上述代码中已经完整定义了训练模型需要用到的各种函数(其中神经网络模型的具体代码保存在代码文件中)，接下来请同学们自行阅读理解上述代码，补全空缺部分（即？处）的代码，使代码能正确运行。

In [None]:
if __name__ == "__main__":
    feature, label = load_data('?')
    split = ?  
    ifshuffle = ?  
    x_train, x_test, y_train, y_test = split_dataset(feature, label, split, ifshuffle)
    traininput, trainlabel = inputtotensor(?, ?)
    testinput, testlabel = inputtotensor(?, ?)
    traininput = nn.functional.normalize(traininput)
    testinput = nn.functional.normalize(?)
    LR = ?          #（0.001~0.009）
    batchsize = ?   #（2~10）
    net = Net()
    optimizer = torch.optim.Adam(net.parameters(), LR)
    loss_func = torch.nn.CrossEntropyLoss()
    train_test(traininput, trainlabel, testinput, testlabel, batchsize)

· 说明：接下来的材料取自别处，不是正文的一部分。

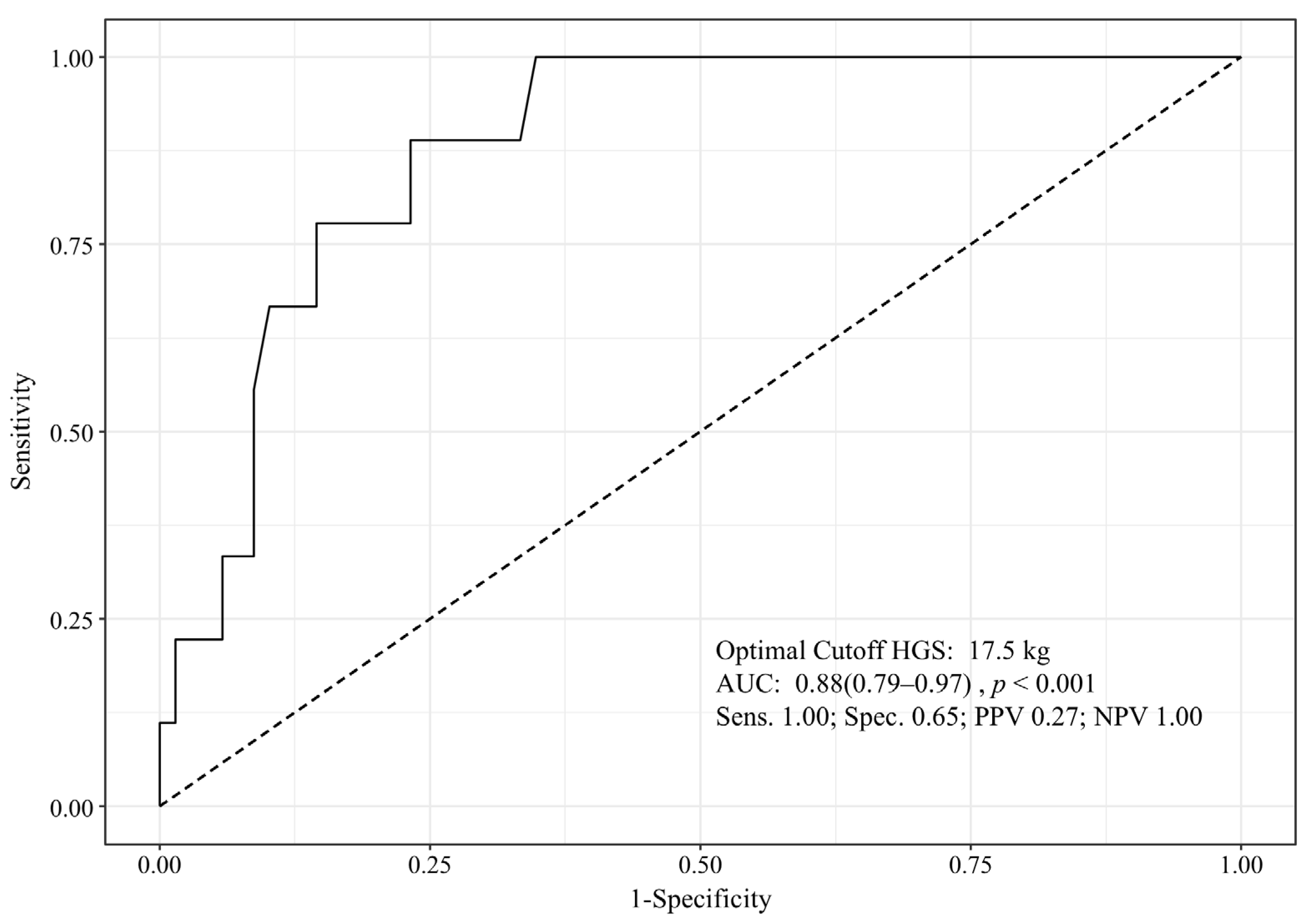 | Variable | Total (n = 78) | Weak Group (HGS ≤ 17.9) (n = 39) | Strong Group (HGS > 17.9) (n = 39) | p-Value |
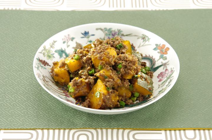 「かぼちゃと牛挽肉の煮込み」
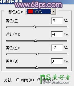 7、创建可选颜色调整图层,对红、蓝、白进行调整,参数设置如图21 - 23,效果如图24。这一步增加高光部分的蓝色。
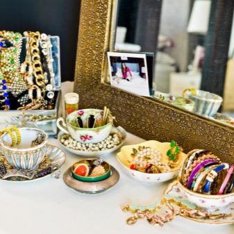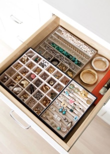 In addition, there are many organizers for jewelry and various trifles. For example, stylish desktop dressers, small boxes which can be used to store bracelets.
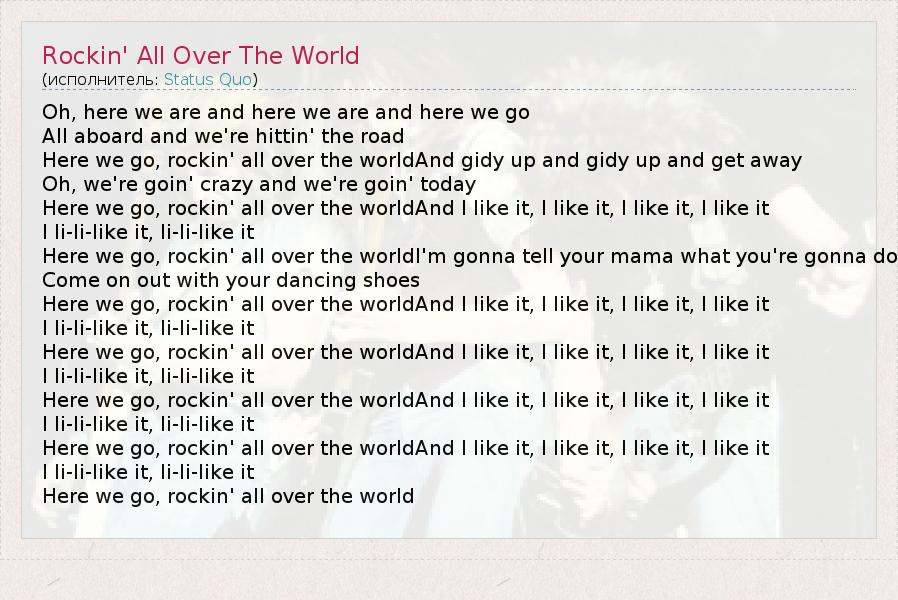А как ты думаешь, о чем песня "Rockin' All Over The World" ?
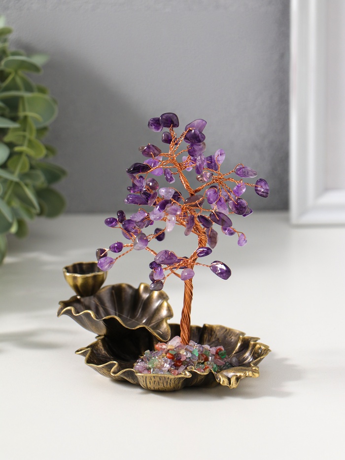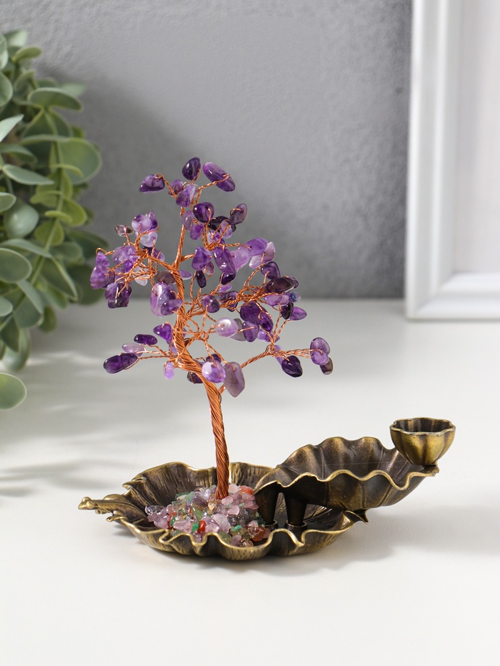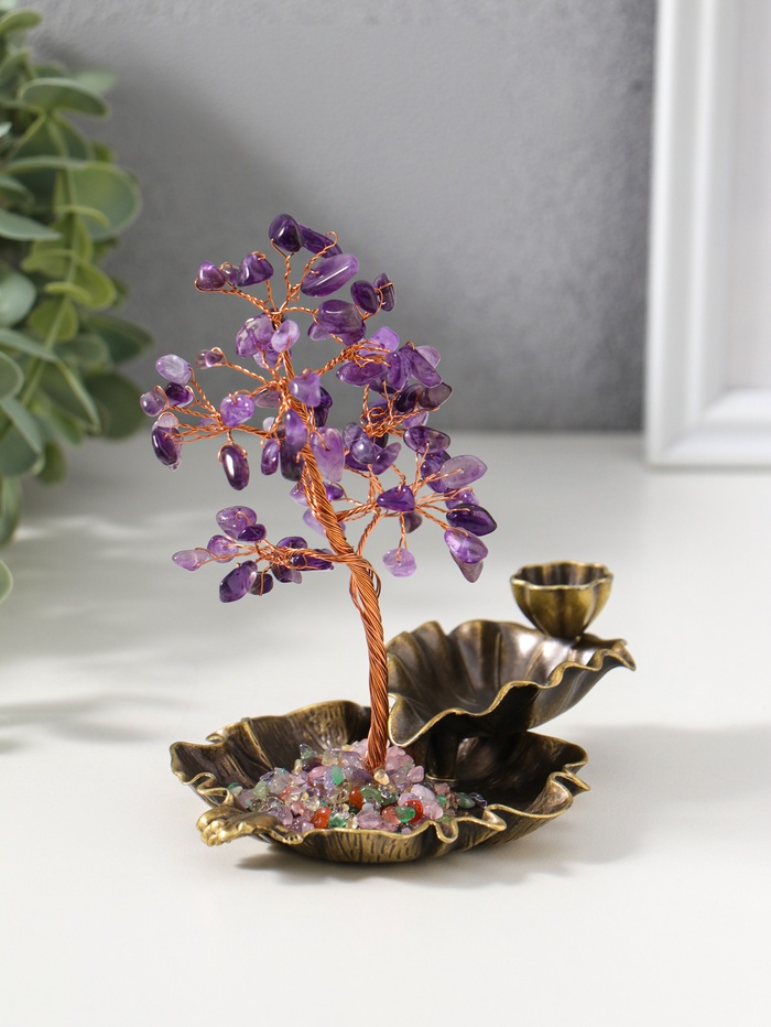 Подставка под благовония "Дерево на цветке" жёлтый 72 камня 9х9х13,5 см
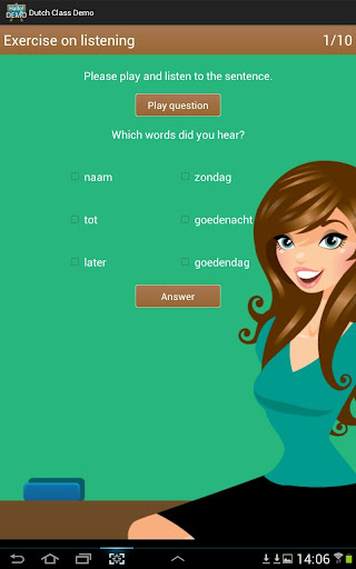 Dutch Class contains a complete offline Dutch course, offering both written content and audio, together with interactive verb, vocabulary, grammar and listening exercises.

请同学们认真阅读理解各个参数的含义，自行设置参数，补全主函数中空缺的代码，训练手势识别神经网络模型达到尽可能高的准确率。在训练完成后，同学们可以将上述代码的最后一行train_test函数的调用注释掉，同时在下方添加以下代码，运行后即可加载训练好的模型，输出数据集中五类手势的混淆矩阵。

In [None]:
    input, label = inputtotensor(feature, label)
    input = nn.functional.normalize(input)
    model = Net()
    model.eval()
    model.load_state_dict(torch.load("model.pt"))
    output = model(input)
    pred = torch.max(output, 1)[1]
    C = confusion_matrix(label, pred, labels=[0, 1, 2, 3, 4])
    plt.matshow(C, cmap=plt.cm.Reds)
    for i in range(len(C)):
        for j in range(len(C)):
            plt.annotate(C[j, i], xy=(i, j), horizontalalignment='center', verticalalignment='center')

    plt.ylabel('True label')
    plt.xlabel('Predicted label')
    plt.show()

以下代码为将训练好的模型部署到小车上的代码：

In [None]:
import traitlets
from IPython.display import display
import ipywidgets.widgets as widgets
from jetbot import Camera, bgr8_to_jpeg

#camera = Camera.instance(width=224, height=224)
camera = Camera.instance(width=224, height=224, fps=20)
image = widgets.Image(format='jpg', width=224, height=224)

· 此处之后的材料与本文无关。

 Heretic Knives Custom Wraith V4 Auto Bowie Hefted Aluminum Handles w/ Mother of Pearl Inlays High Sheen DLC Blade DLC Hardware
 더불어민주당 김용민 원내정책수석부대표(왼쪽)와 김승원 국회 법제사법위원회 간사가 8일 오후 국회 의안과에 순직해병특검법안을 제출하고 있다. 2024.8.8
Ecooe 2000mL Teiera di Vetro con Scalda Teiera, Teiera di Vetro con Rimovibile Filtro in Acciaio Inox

camera_link = traitlets.dlink((camera, 'value'), (image, 'value'), transform=bgr8_to_jpeg)

display(widgets.HBox([image]))

显示相机的实时画面

In [None]:
import cv2
import mediapipe as mp
import torch
import torch.nn as nn
import torch.nn.functional as F
import numpy as np
import itertools

def data_calculate(image):
    
    mp_hands = mp.solutions.hands
    hands = mp_hands.Hands(static_image_mode=True,
                           max_num_hands=2,
                           min_detection_confidence=0.5,
                           min_tracking_confidence=0.5)
    img = cv2.flip(image, 1)
    # BGR to RGB
    img = cv2.cvtColor(img, cv2.COLOR_BGR2RGB)
    input = []
    results = hands.process(img)
   
    for i in results.multi_hand_landmarks[0].landmark:
        input.extend([i.x, i.y, i.z])
    
    return input


def inputtotensor(inputtensor):
    inputtensor = np.array(inputtensor)
    inputtensor = torch.FloatTensor(inputtensor)

    return inputtensor


class Net(nn.Module):
    def __init__(self, n_channels=63, n_classes=5, dropout_probability=0.2):
        super(Net, self).__init__()
        self.n_channels = n_channels
        self.n_classes = n_classes
        self.dropout_probability = dropout_probability
        self.all_conv_high = torch.nn.ModuleList([torch.nn.Sequential(
            torch.nn.Conv1d(in_channels=1, out_channels=8, kernel_size=7, padding=3),
            torch.nn.ReLU(),
            torch.nn.AvgPool1d(2),

            torch.nn.Conv1d(in_channels=8, out_channels=4, kernel_size=7, padding=3),
            torch.nn.ReLU(),
            torch.nn.AvgPool1d(2),

            torch.nn.Conv1d(in_channels=4, out_channels=4, kernel_size=7, padding=3),
            torch.nn.ReLU(),
            torch.nn.Dropout(p=self.dropout_probability),
            torch.nn.AvgPool1d(2)
        )])
        self.all_conv_low = torch.nn.ModuleList([torch.nn.Sequential(
            torch.nn.Conv1d(in_channels=1, out_channels=8, kernel_size=3, padding=1),
            torch.nn.ReLU(),
            torch.nn.AvgPool1d(2),

            torch.nn.Conv1d(in_channels=8, out_channels=4, kernel_size=3, padding=1),
            torch.nn.ReLU(),
            torch.nn.AvgPool1d(2),

            torch.nn.Conv1d(in_channels=4, out_channels=4, kernel_size=3, padding=1),
            torch.nn.ReLU(),
            torch.nn.Dropout(p=self.dropout_probability),
            torch.nn.AvgPool1d(2)
        )])
        self.all_residual = torch.nn.ModuleList([torch.nn.Sequential(
            torch.nn.AvgPool1d(2),
            torch.nn.AvgPool1d(2),
            torch.nn.AvgPool1d(2)
        )])

        self.fc = torch.nn.Sequential(
            torch.nn.Linear(in_features=9 * 7, out_features=512),
            torch.nn.ReLU(),
            torch.nn.Linear(in_features=512, out_features=n_classes)
        )
        for module in itertools.chain(self.all_conv_high, self.all_conv_low, self.all_residual):
            for layer in module:
                if layer.__class__.__name__ == "Conv1d":
                    torch.nn.init.xavier_uniform_(layer.weight, gain=torch.nn.init.calculate_gain('relu'))
                    torch.nn.init.constant_(layer.bias, 0.1)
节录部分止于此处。